La sala larga del trono parecía un tablero inmenso. Sobre la mesa central, un mapa de Ventos pintado a mano había sido cosido con tiras de cuero para resistir el uso: Azoth en el corazón, Niflheim al norte como una corona helada, Donner al este surcado por cadenas de montañas y tormentas eléctricas, Caldus al sur con su desierto y sus montañas de cobre, y Vetramar al oeste, costeado por puertos y salinas. Estandartes plegados descansaban como animales dormidos. Había olor a tinta, cera y metal.
Tifa sostenía un puntero de marfil. Su postura era la de una reina que no deja espacio a la duda.
—No tenemos el lujo del tiempo —dijo sin rodeos—. Zeknier mueve a sus acólitos en los bordes de Azoth y sube los impuestos donde la ley es débil. Si espera dos meses, no es casualidad: quiere medirnos. Por eso debemos sumar aliados y buscar portadores.
Blair escuchaba a su lado, capucha puesta por costumbre aunque estuviesen en palacio. Sus ojos rojos seguían el puntero.
—¿A quiénes primero?
—Al norte —toc, el marfil golpeó Niflheim—. La reina sin nombre en los cantos de taberna y con demasiados nombres en los tratados... nuestra mejor esperanza. Sus ejércitos están acostumbrados a campañas largas, y sus magos conocen el hielo como nosotros el pan. Si Niflheim se inclina por Azoth, Zeknier pierde el juego.
—¿Y los portadores? —preguntó Blair, con una sombra de urgencia—. No bastará con soldados.
—No —admitió Tifa—. Necesitamos que los portadores de los Orbes despierten. Alguien del agua; alguien de la luz, tierra... y el aire que ya despertó, pero tiene problemas de identidad.
El tirón leve en el pecho de Blair —ese hilito del Sweet Kiss— vibró como cuerda afinada. Asori está en el ala este. Se mueve. Se frustra, pensó, y apretó los labios para que no se le notara la sonrisa.
Tifa continuó:
—Hablé con el Sabio del Aire. Desde hoy, Eryndor dejará de jugar con manzanas. Empezará el trabajo serio: cuerpo y Astral. Si Asori quiere vivir, no solo debe pelear, debe cruzar ese umbral.
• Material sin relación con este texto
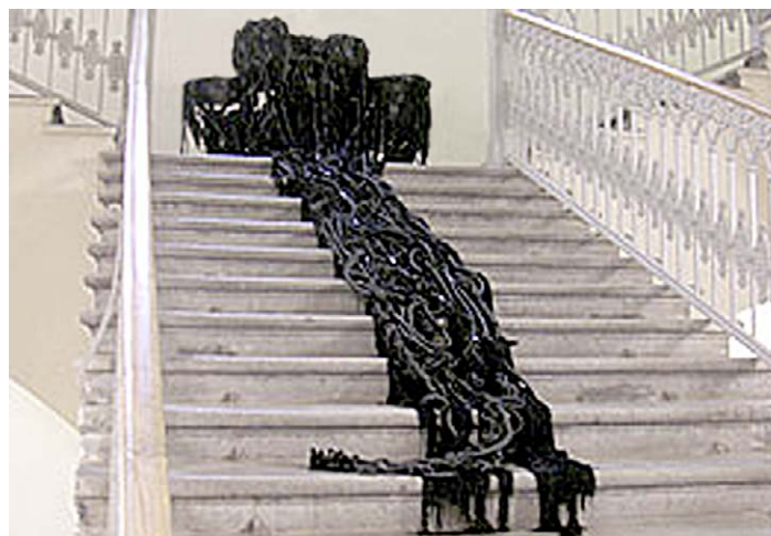
Теренс Коу «Все эти десятилетия без сна. Черные барабаны, 2004».

Этот текст не просто разрушал тревожное, напряженное состояние зрителя — он перечеркивал иные возможные интерпретации. Вместо раздумий о глубинах Бытия (или Небытия?), о Тьме порождающей (или поглощающей?), о непостижимой

—Eryndor... —repitió Blair, saboreando el nombre que parecía a la vez brisa y roca—. ¿Crees que Asori lo soportará?
—No lo sé —Tifa le clavó una mirada honesta—. Pero quiero que tenga la opción de elegir algo distinto a morir.
Hubo un silencio denso, como tela gruesa. Blair deslizó los dedos por el borde del mapa hacia el este, el reino de Donner.
—Jason —susurró, casi para sí.
Tifa alzó levemente una ceja.
—Sigue en las montañas de Donner. Entrena el rayo con los monjes de altura y el Sabio del Rayo. Son duros, pero si alguien nace para el trueno...
—Es él —terminó Blair. Se obligó a tragar. El candidato. La palabra dolía más por lo que ya no lo sería—. Hace meses que no lo veo. Si... si algo le pasara, y yo...
—Elegiste salvar una vida —cortó Tifa con dulzura áspera—. No gastes ese acto en arrepentimientos. Jason es terco, vivirá.
Blair asintió, pero al salir de la sala permitió que la vista se le perdiera por la ventana, hacia el este, donde el cielo siempre parecía más brillante y peligroso. Vive, bobo. Vuelve con las botas chamuscadas y la sonrisa de siempre intacta, pensó Blair, antes de subir la capucha y desaparecer por el corredor como una sombra noble.
El patio del ala este había cambiado poco y, al mismo tiempo, todo. Donde el día anterior colgaban cintas, hoy había campanillas nuevas, cuerdas, estacas, y un pilar de piedra con una argolla. El estanque circular en el centro —la pequeña fuente— devolvía un cielo de mediodía tan azul que dolía.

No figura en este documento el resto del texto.